United States Army officer and politician

Amos Stoddard (October 26, 1762 – May 11, 1813) was a career United States Army officer who served in both the American Revolutionary War and the War of 1812, in which he was mortally wounded.

In 1804, Stoddard was the Commandant of the military district of Upper Louisiana, which later became Missouri after the Louisiana Purchase.

==Biography==
Stoddard was born in Woodbury, Connecticut, to Anthony and Phebe (Reed) Stoddard. He saw combat as a young man in the American Revolutionary War, and afterwards represented Hallowell, Maine, in the Massachusetts House of Representatives. In June 1798, he was commissioned as a captain of artillery in the US Army.

Circa 1800 Stoddard commanded Fort Sumner in his home town of Portland, Maine as a company commander in the Regiment of Artillerists.

In 1800 Spain ceded Louisiana back to France in the Third Treaty of San Ildefonso. Three years later, Napoleon promptly sold it to the United States to obtain money to continue his campaigns in Europe.
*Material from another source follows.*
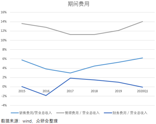 国瓷材料期间费用中销售费用和财务费用都比较低,管理费用高于同行水平,2019年达到12%,从管理费用结构来看主要是职工薪酬占比高,这和国瓷材料两次实行激励计划,员工工资支出增加有关。

Nevertheless, Spain had continued to govern the territory and Carlos de Hault de Lassus, the Spanish lieutenant governor for Upper Louisiana, initially refused to give Lewis and Clark permission to explore it. This forced Lewis and Clark to spend the winter of 1803–04 at Camp Dubois, in what is now Illinois.

On November 30, 1803, in New Orleans, Spain formally turned the territory over to France, which governed it for only 20 days before surrendering it to the United States on December 20, 1803.

During the Three Flags Day ceremony on March 9–10, 1804, in Saint Louis, Stoddard represented both the United States and France. Lieutenant Governor de Lassus represented Spain. Stoddard noted about the residents:

Nothing ever restrains them from amusement which usually commences early in the evening, and is seldom suspended till late the next morning.

Stoddard held the position as a military commander until October 1, 1804, when the territory came under William Henry Harrison, in a transitional civil jurisdiction as part of the Indiana Territory. He was promoted to the rank of major in June 1807.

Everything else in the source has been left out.